The answer must be only the lines below from the one holding "Pour préparer la" down to the one holding "財(cái)神人偶與游客互動(dòng)。", ends included, printed exactly; please omit all pictures.

Input data -
● ● ●

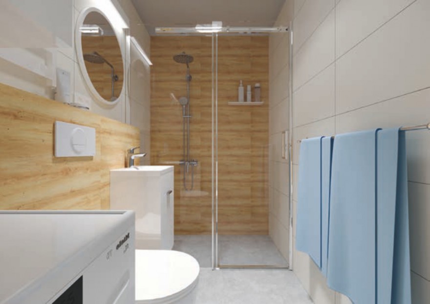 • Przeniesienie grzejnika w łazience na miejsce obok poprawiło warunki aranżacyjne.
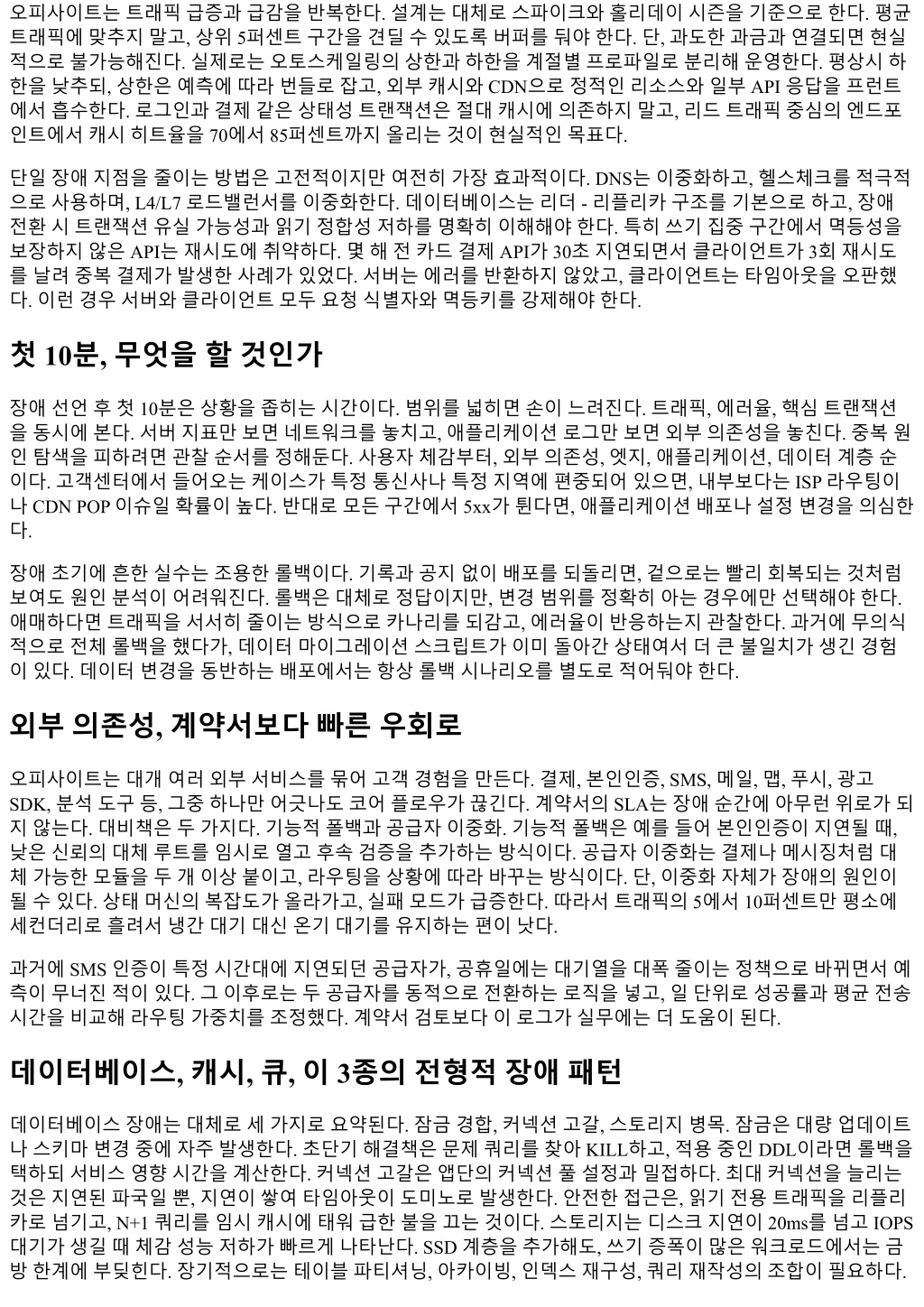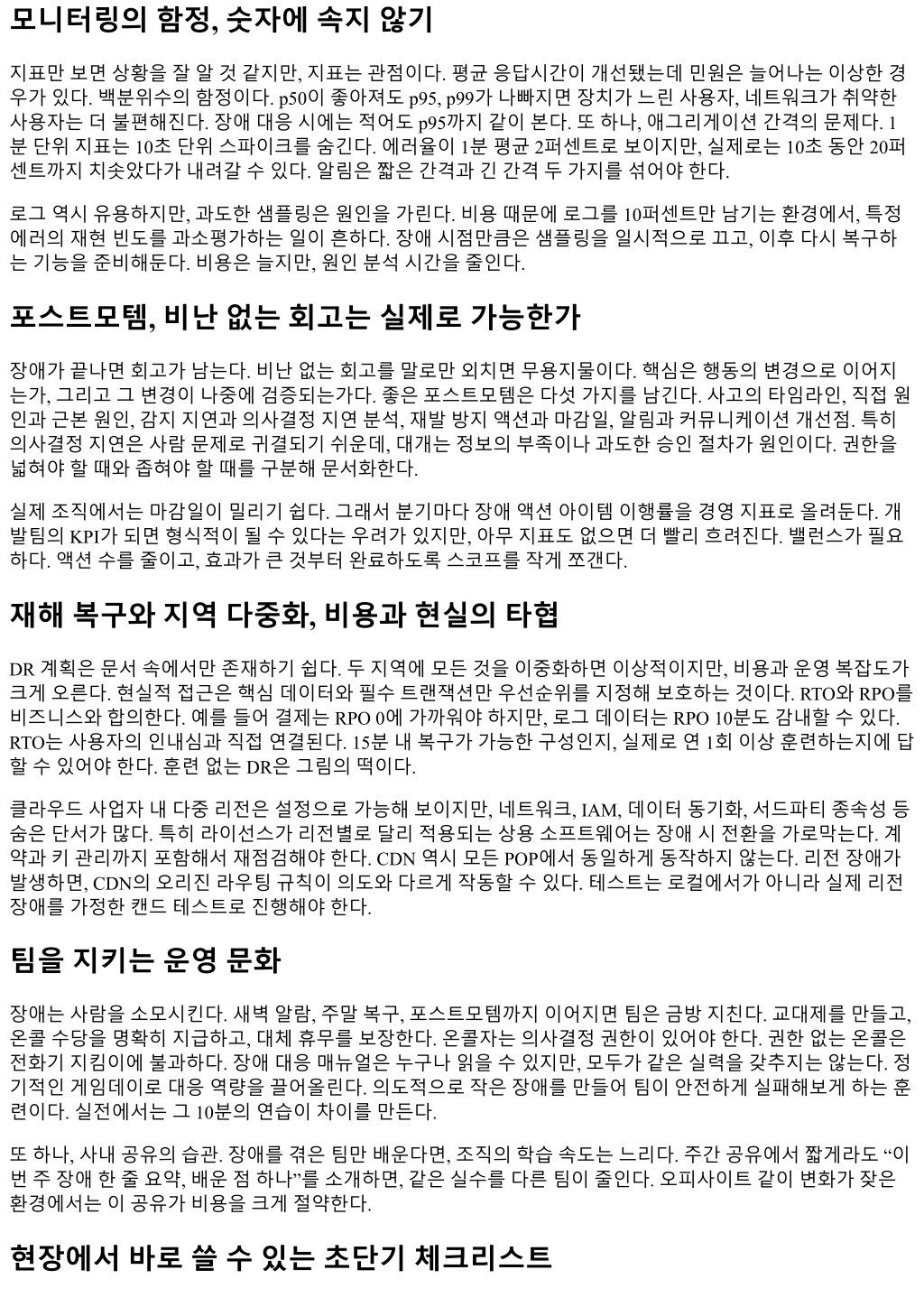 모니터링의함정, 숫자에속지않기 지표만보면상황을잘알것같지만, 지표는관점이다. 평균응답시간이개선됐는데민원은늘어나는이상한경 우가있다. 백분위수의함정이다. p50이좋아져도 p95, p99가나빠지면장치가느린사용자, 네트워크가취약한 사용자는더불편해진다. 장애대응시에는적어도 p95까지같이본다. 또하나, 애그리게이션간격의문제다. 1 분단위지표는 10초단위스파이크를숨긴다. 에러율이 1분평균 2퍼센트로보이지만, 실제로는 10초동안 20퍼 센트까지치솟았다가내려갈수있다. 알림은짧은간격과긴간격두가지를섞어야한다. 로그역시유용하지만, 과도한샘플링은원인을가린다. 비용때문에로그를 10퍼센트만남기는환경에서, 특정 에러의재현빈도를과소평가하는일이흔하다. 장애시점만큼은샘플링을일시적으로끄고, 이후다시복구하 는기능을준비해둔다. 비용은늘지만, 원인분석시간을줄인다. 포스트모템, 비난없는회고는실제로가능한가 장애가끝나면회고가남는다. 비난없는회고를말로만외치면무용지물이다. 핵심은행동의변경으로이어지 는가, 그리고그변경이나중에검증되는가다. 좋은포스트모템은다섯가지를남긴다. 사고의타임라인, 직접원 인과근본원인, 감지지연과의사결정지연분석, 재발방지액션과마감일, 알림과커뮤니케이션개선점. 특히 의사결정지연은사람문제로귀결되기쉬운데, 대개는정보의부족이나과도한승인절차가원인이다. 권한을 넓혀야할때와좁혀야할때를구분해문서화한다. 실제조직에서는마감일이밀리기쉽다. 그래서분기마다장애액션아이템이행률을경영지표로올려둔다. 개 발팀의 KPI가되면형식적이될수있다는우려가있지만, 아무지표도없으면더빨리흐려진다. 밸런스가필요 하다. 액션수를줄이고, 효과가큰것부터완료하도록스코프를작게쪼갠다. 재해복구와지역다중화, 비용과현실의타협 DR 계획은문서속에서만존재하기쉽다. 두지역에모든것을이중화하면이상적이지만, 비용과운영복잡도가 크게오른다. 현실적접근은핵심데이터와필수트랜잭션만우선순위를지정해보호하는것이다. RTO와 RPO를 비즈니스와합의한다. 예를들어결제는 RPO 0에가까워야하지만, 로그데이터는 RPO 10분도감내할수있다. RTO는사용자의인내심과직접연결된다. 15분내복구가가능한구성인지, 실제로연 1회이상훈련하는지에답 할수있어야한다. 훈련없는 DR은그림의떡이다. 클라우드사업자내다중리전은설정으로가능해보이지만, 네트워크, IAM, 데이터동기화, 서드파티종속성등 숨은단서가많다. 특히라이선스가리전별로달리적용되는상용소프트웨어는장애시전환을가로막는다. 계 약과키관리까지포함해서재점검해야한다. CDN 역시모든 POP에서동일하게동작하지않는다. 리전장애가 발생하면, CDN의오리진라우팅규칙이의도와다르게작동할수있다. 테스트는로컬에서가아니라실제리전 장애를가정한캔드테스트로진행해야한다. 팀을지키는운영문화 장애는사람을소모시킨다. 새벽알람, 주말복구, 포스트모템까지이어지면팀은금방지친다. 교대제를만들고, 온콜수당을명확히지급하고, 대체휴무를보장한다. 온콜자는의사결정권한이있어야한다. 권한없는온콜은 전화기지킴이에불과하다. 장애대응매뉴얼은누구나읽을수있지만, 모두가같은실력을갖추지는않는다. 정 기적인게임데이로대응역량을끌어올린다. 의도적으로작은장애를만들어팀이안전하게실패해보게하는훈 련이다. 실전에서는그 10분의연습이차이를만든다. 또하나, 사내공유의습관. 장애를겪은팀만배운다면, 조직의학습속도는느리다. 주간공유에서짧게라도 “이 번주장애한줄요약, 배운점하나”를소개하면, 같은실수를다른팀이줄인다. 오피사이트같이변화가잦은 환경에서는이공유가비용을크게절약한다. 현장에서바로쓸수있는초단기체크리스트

● ● ●

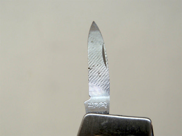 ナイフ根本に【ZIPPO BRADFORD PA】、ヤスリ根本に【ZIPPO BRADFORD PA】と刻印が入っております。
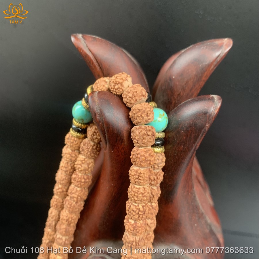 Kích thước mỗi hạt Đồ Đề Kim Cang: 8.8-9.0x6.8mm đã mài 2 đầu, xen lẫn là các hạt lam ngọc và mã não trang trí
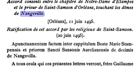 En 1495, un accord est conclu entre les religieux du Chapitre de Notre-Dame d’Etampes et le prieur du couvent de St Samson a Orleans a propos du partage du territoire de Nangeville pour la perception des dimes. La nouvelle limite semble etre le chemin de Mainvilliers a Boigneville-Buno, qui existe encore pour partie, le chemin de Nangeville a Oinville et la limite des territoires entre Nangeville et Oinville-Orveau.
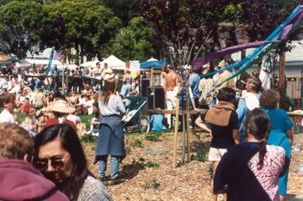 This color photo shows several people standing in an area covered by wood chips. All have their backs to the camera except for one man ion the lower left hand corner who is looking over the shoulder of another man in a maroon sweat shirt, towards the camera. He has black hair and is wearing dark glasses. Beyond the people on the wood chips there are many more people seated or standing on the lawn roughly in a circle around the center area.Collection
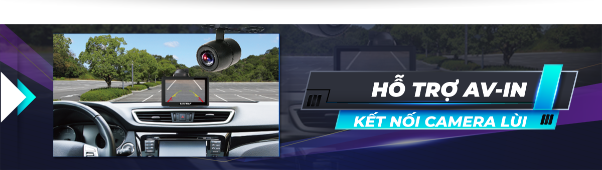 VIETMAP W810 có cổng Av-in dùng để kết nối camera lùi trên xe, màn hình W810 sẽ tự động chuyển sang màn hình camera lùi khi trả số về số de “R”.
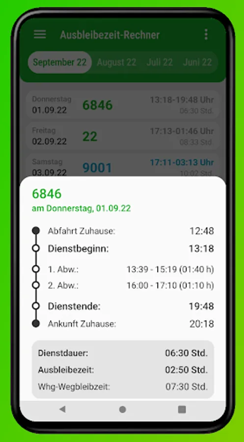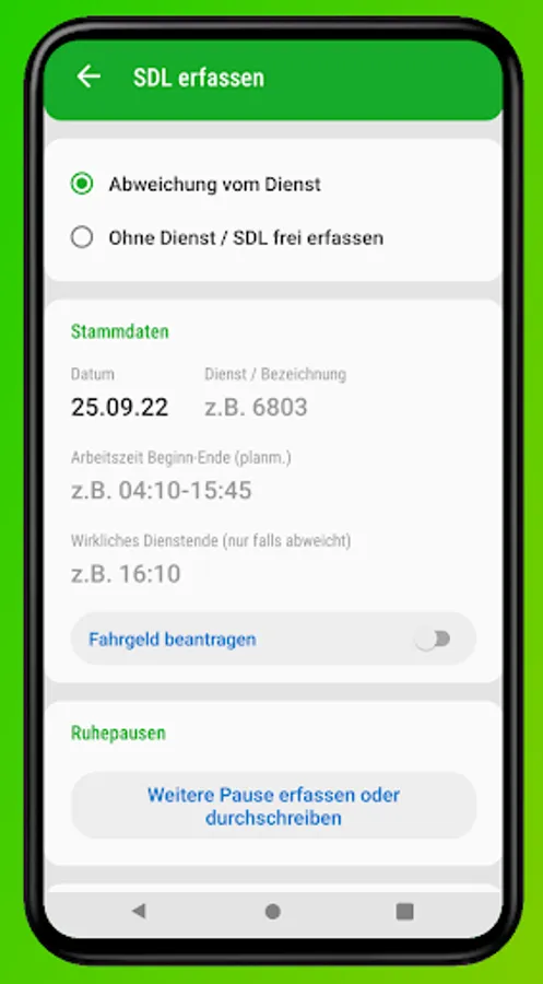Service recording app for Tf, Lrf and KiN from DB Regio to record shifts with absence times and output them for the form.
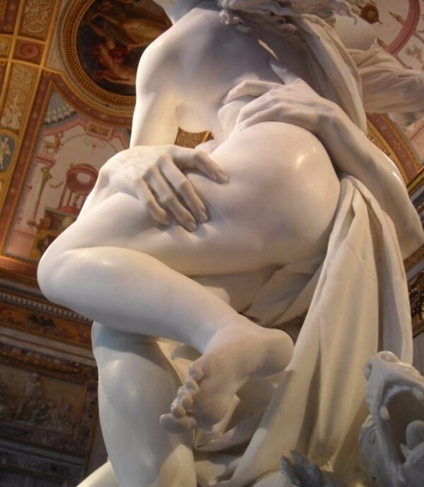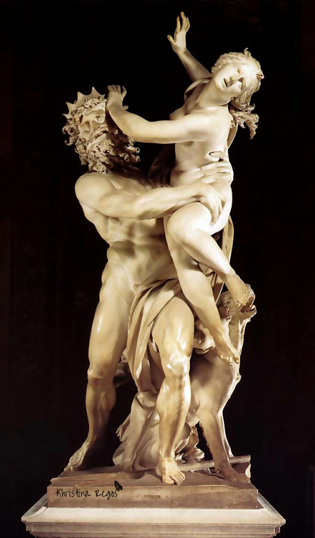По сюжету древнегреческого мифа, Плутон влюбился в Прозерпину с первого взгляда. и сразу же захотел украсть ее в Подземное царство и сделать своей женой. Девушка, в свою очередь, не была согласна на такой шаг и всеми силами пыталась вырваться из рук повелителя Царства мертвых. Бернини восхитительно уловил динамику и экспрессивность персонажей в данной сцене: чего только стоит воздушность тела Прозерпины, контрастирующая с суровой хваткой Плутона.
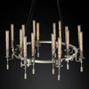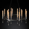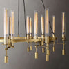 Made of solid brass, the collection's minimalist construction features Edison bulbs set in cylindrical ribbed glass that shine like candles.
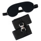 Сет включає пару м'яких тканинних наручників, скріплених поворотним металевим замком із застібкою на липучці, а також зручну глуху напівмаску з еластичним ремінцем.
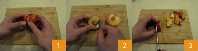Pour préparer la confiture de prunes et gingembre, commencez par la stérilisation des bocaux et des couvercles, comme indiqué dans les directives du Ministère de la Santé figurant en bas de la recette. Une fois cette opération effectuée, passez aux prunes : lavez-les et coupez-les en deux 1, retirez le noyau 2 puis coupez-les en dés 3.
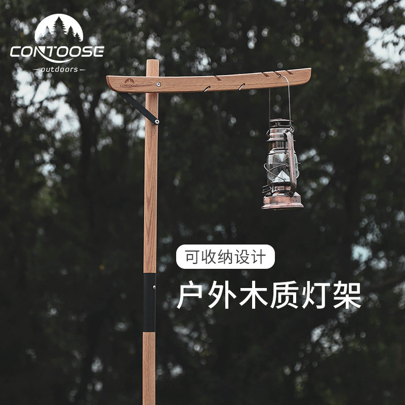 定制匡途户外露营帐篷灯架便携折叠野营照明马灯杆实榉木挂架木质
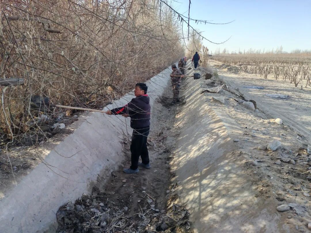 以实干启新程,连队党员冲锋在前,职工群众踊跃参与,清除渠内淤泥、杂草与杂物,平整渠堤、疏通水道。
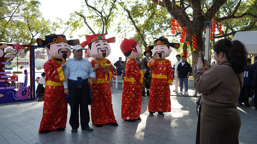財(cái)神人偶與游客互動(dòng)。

● ● ●

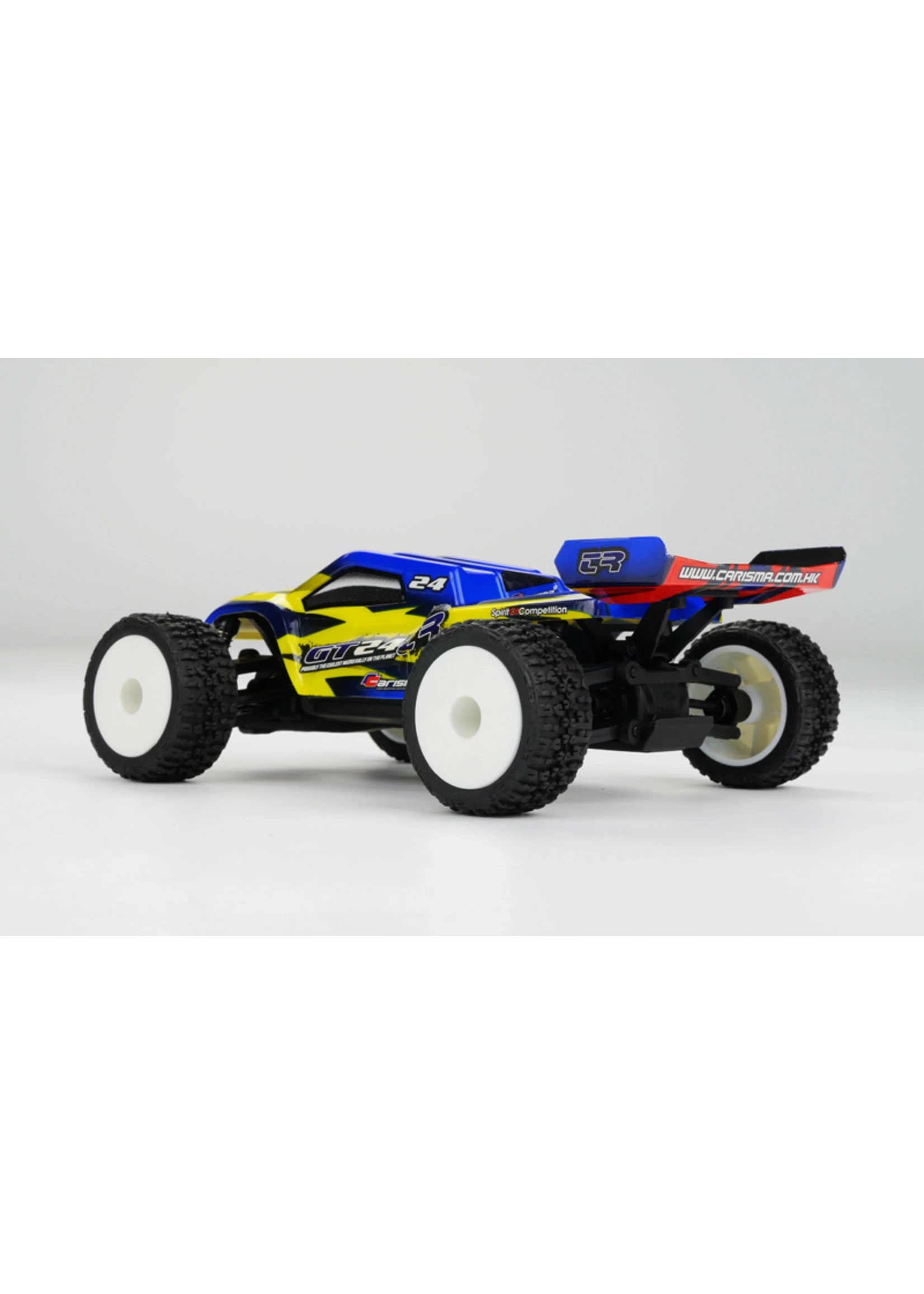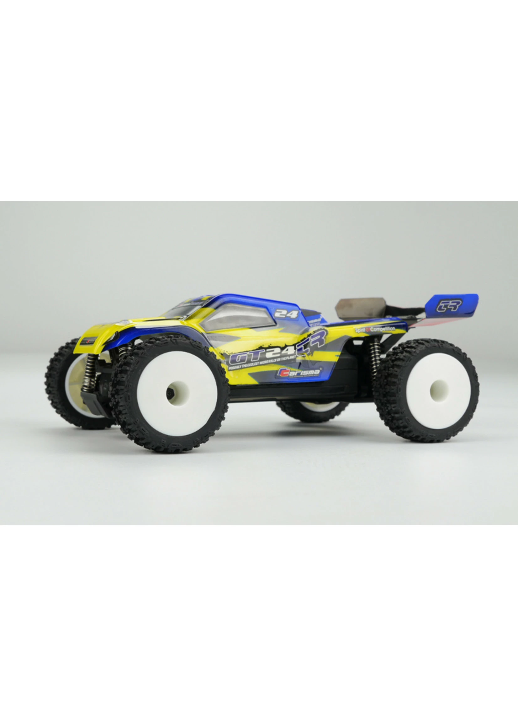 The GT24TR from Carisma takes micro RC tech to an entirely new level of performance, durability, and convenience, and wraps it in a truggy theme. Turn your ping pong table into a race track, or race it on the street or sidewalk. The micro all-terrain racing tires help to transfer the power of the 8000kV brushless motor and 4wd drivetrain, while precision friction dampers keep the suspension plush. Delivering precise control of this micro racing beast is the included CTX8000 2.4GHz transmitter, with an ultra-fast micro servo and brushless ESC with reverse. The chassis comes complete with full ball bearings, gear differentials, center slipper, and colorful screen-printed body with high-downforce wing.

● ● ●

Response to the exercise -
Pour préparer la confiture de prunes et gingembre, commencez par la stérilisation des bocaux et des couvercles, comme indiqué dans les directives du Ministère de la Santé figurant en bas de la recette. Une fois cette opération effectuée, passez aux prunes : lavez-les et coupez-les en deux 1, retirez le noyau 2 puis coupez-les en dés 3.
 定制匡途户外露营帐篷灯架便携折叠野营照明马灯杆实榉木挂架木质
 以实干启新程,连队党员冲锋在前,职工群众踊跃参与,清除渠内淤泥、杂草与杂物,平整渠堤、疏通水道。
財(cái)神人偶與游客互動(dòng)。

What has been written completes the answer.